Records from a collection
====

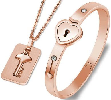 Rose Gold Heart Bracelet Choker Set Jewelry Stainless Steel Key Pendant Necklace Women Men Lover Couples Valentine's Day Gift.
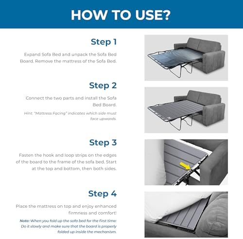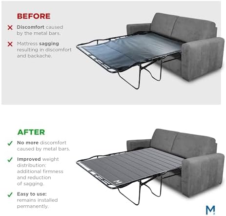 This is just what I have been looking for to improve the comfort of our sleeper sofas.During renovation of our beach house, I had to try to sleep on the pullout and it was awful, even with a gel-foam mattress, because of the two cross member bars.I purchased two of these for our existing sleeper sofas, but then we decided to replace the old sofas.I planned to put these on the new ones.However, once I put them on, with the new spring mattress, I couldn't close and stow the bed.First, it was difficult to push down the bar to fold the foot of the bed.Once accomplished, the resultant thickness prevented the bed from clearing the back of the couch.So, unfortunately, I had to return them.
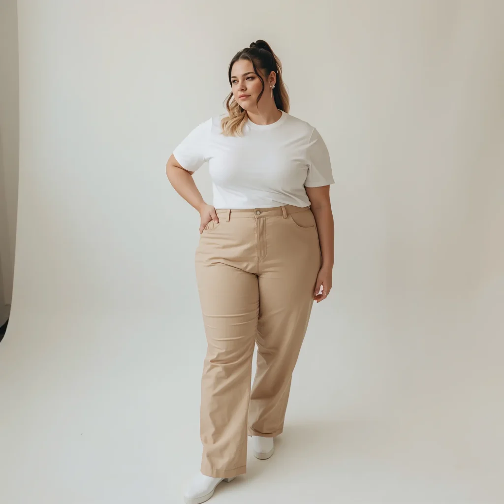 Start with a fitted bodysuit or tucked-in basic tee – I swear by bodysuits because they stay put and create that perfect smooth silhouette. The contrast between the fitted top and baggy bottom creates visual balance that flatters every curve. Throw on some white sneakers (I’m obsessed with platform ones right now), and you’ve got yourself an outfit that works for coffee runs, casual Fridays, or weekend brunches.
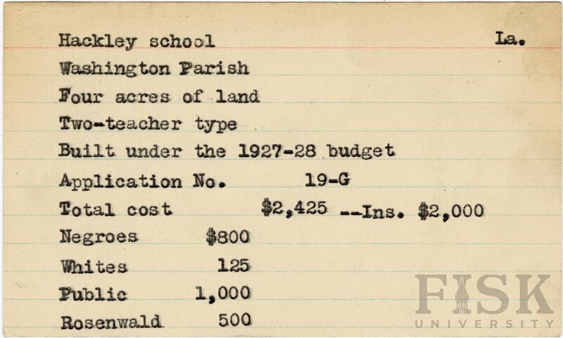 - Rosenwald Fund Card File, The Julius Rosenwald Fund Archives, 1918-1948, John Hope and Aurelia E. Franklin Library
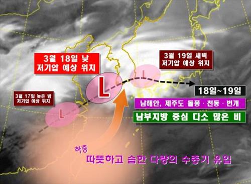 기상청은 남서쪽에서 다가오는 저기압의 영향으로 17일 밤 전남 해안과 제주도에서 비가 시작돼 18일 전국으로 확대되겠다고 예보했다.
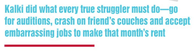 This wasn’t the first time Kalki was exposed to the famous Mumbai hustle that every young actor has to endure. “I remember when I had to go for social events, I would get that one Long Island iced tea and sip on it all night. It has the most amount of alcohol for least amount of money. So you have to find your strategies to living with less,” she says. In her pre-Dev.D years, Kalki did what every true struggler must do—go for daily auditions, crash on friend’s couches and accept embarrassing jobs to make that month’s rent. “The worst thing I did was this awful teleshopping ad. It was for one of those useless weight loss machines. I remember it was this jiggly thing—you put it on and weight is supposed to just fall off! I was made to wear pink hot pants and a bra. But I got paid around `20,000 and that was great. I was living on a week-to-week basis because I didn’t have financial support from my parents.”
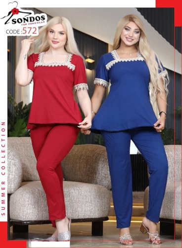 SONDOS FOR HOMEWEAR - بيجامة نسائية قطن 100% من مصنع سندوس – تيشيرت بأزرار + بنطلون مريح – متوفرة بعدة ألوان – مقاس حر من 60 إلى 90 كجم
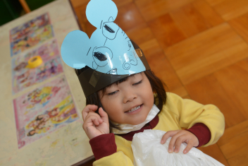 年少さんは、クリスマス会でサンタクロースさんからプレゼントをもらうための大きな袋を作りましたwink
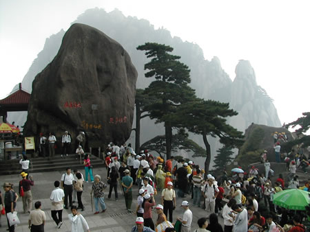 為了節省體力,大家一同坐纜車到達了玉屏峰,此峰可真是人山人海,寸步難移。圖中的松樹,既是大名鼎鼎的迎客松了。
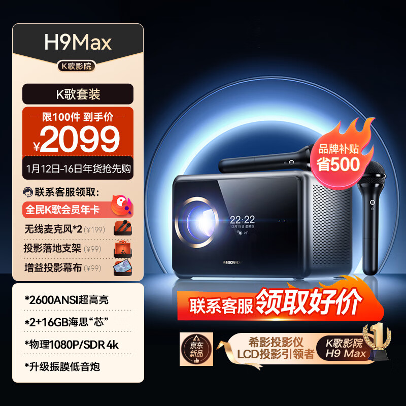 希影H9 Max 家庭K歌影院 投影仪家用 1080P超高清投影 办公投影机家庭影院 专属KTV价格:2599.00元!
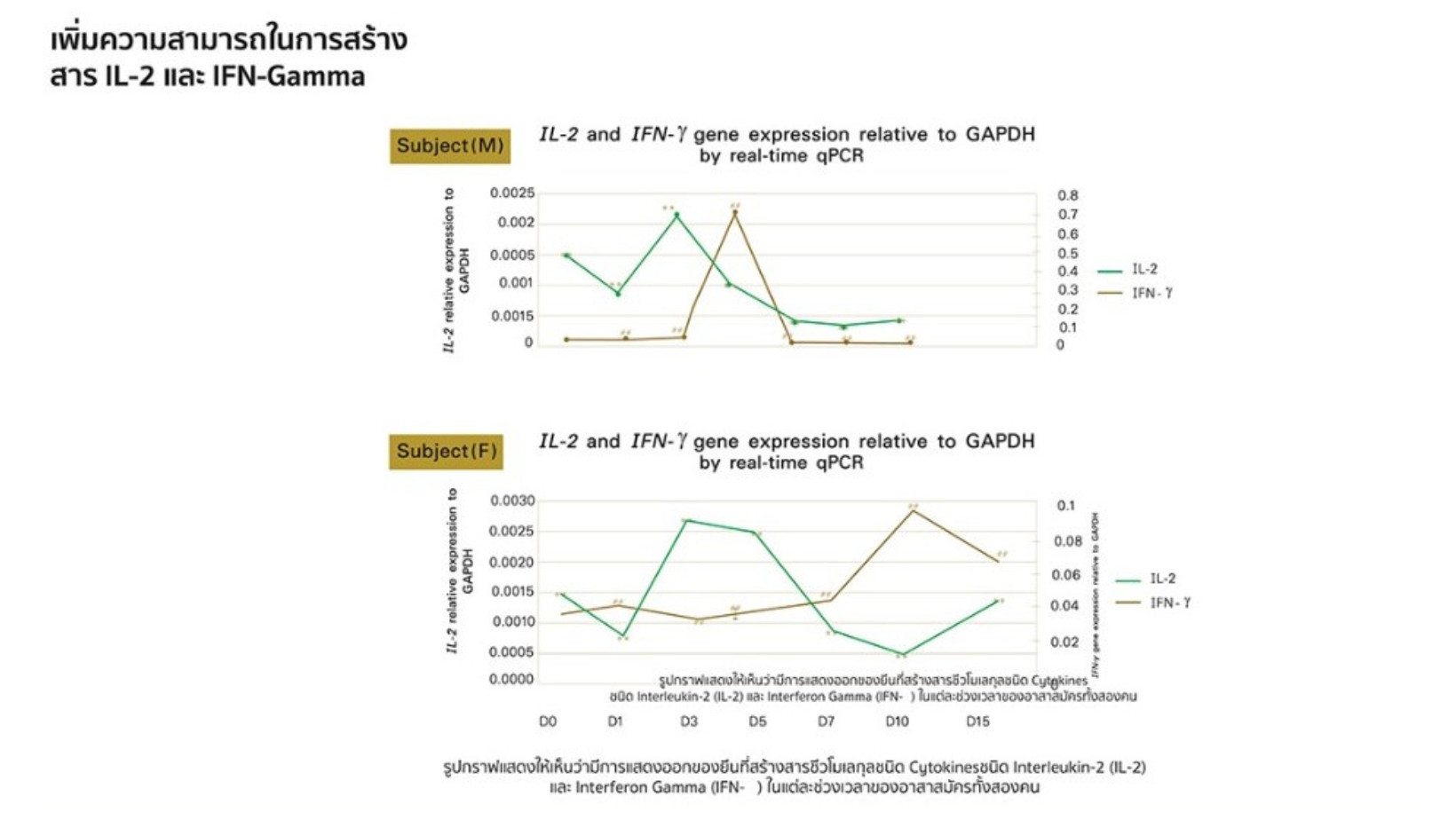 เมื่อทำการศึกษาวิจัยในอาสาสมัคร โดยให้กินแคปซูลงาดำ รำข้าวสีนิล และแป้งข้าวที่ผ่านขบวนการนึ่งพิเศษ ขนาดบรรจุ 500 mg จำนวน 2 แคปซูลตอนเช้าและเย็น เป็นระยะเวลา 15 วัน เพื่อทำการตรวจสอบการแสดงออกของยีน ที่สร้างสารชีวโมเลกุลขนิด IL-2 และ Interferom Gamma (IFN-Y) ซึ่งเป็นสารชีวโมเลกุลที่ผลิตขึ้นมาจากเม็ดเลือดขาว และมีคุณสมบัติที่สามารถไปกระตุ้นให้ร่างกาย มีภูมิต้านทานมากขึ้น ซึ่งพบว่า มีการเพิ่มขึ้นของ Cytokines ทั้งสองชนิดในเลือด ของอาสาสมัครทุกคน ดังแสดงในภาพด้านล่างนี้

====

* [EXERCISE BRIEF] Each line from the one containing "年少さんは、クリスマス会でサ" through the last line above should be retyped exactly, and no other line. Any picture is to be left out.

* [EXERCISE ANSWER]
 年少さんは、クリスマス会でサンタクロースさんからプレゼントをもらうための大きな袋を作りましたwink
 為了節省體力,大家一同坐纜車到達了玉屏峰,此峰可真是人山人海,寸步難移。圖中的松樹,既是大名鼎鼎的迎客松了。
 希影H9 Max 家庭K歌影院 投影仪家用 1080P超高清投影 办公投影机家庭影院 专属KTV价格:2599.00元!
 เมื่อทำการศึกษาวิจัยในอาสาสมัคร โดยให้กินแคปซูลงาดำ รำข้าวสีนิล และแป้งข้าวที่ผ่านขบวนการนึ่งพิเศษ ขนาดบรรจุ 500 mg จำนวน 2 แคปซูลตอนเช้าและเย็น เป็นระยะเวลา 15 วัน เพื่อทำการตรวจสอบการแสดงออกของยีน ที่สร้างสารชีวโมเลกุลขนิด IL-2 และ Interferom Gamma (IFN-Y) ซึ่งเป็นสารชีวโมเลกุลที่ผลิตขึ้นมาจากเม็ดเลือดขาว และมีคุณสมบัติที่สามารถไปกระตุ้นให้ร่างกาย มีภูมิต้านทานมากขึ้น ซึ่งพบว่า มีการเพิ่มขึ้นของ Cytokines ทั้งสองชนิดในเลือด ของอาสาสมัครทุกคน ดังแสดงในภาพด้านล่างนี้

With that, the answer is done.